Simulation of the Propagation of Circumferential Crack in the Cylindrical Element Structure Exposed to Cyclic Loadings

Abstract

The purpose of these studies was to work out the methods for the computation of crack development in the plate and axisymmetric elements of structures at cyclic loading for the plasto-elastic arrangement using the conception of the accumulation of scattered damages in the material. In the domain in question, we simulated the processes of alternating-sign plasto-elastic deformation and the material crack resistance was estimated using the fatigue test data for smooth specimens. Thermal and elastically-deformed states of the structure were determined for different loading modes using the finite elements method.
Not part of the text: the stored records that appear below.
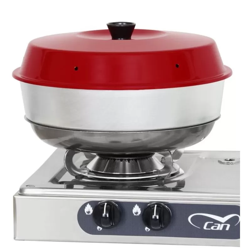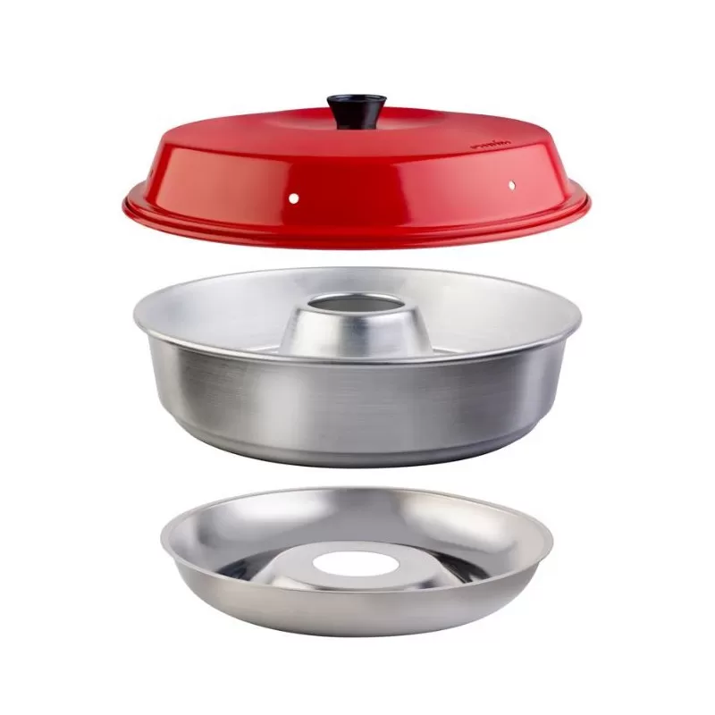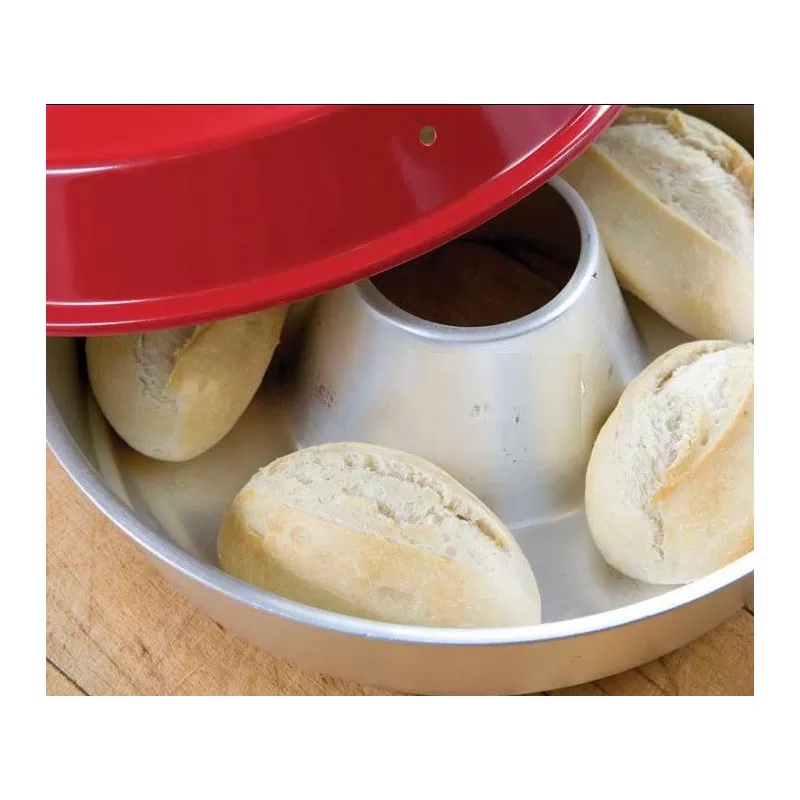 Equipement très pratique pour la cuisine en camping-car, fourgon aménagé et bateau ce cuiseur OMNIA permet la conception et la cuisson de gâteaux, cakes et pains sur un réchaud à flammes classique. Son principe de fonctionnement est simple : la chaleur se propage uniformément par convection grâce à un trou central et des aérations sur le couvercle. La cuisson est donc douce et ne brûle pas les aliments.
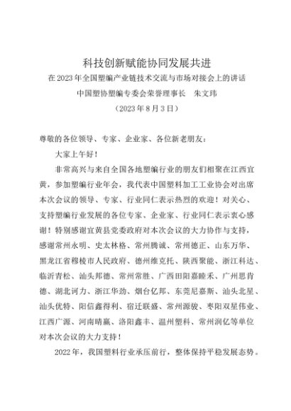 / 领导讲话:20230803在全国塑编产业链技术交流与市场对接会上的讲话——荣誉理事长 朱文玮
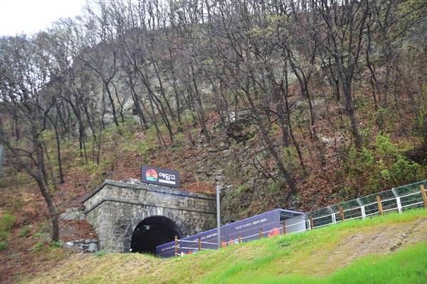 | ▲ 유물 관리 수장고 ‘예담고’로 재탄생한 1913년에 만들어진 옛 사진포 터널(왼쪽)과 1977년에 만들어져 지금도 기차가 다니고 있는 사진포 터널(오른쪽). |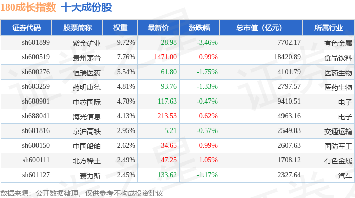 证券之星消息,11月17日,180成长(000028)指数报收于3832.84点,跌0.91%,成交960.45亿元,换手率0.87%。当日该指数成份股中,上涨的有18家,华友钴业以3.03%的涨幅领涨,下跌的有40家,拓荆科技以5.72%的跌幅领跌。

The material damageability was assessed for the curves of low-cycle fatigue and for the range of plasto-elastic deformations on the route of probable crack propagation using the hypothesis of linear summation. As soon as a critical value of the damageability is achieved the crack is propagated stepwise for the specified step. As an example, consideration was given to the kinetics of circumferential crack in the cylindrical element exposed to the axial-symmetric cyclic loading. The contact of crack edges was taken into consideration for compressing loading semicycles. The obtained data agree with the data obtained using the Newman method. The suggested technique can be used for the estimation of survivability of the elements of steam turbines (heat rotor grooves at start-up-stop modes, blade and disk interlocks, etc.).